AGI Ruin A List of Lethalities Eliezer Yudkowsky

May 21, 2023 Source

“AGI Ruin” is a fairly famous piece of writing in the world of AI alignment by Eliezer Yudkowsky, who is a bit like the spokesperson for the community of those concerned about AI existential risk (referred to perjoratively as “AI doomers” by those on the other side including Yann LeCun).

While the article was written back in June 2022, an interesting recent development is that the philosopher David Chalmers asked:

is there a canonical source for “the argument for AGI ruin” somewhere, preferably laid out as an explicit argument with premises and a conclusion?

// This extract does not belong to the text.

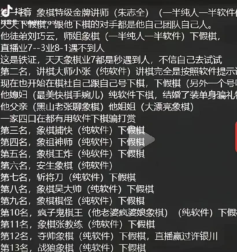 2025象棋不好下,你的对手可能是软件,仙女棋圣揭露软件象棋高手——真正的象棋砸锅人! 第一个叫朱志全,半人半软下假棋,徒弟会做咸蛋汤,叫刘巧云,不知道是不是说王天一在外边,相当安全那个人?也有可能重名重姓! 第二个叫小张,自己和自己下棋,这倒挺新鲜? 第三个叫捕快 第四个叫神师 第五个叫王炸 第六个叫安生 第七个叫斩将刀(风云雄霸天下被步惊云一招毙命的人) 第八个叫吴大帅 第九个叫棋怪 第十个叫鬼王 第11个叫张教练 第12个叫夺帅 第13个叫战狼 第14个叫阿豪 第15个叫大江 小结: 仙女棋圣为广大棋迷指点迷津,原来网络下棋,还能用软件,有意思吗? 王天一郑惟桐赵鑫鑫来了也下不过,许仙天天喊世外高人,原来如此! 象棋本是一场竞技 比的是棋艺,这倒好,软件欺负真人?这算不算砸锅象棋?搞得棋迷望而却步,只看不下了。。。。这些人为了一己私欲,伤害棋迷的热情与象棋的发展,太过分了! #头号创作者激励计划#

This question prompted a dialogue between Yudkowsky and Chalmers, who made it clear that he does not consider Yudkowsky’s article to qualify as a formal argument.

Related: I recently wrote about this piece:

I have been reading a lot of articles on LessWrong, and a lot of them do seem quite long and difficult to digest. For example, this article from Eliezer Yudkowsky and this response from Paul Christiano are both written in the form of lists of points… which, ordinarily, I would consider to be an effective style for maximizing comprehensibility. But Yudkowsky’s list has 43 points on it, and Christiano’s has 46! Reading them, I find my brain struggling to synthesize the points they’re making into a high-level summary. The prioritization isn’t clear, many of them overlap with each other, etc.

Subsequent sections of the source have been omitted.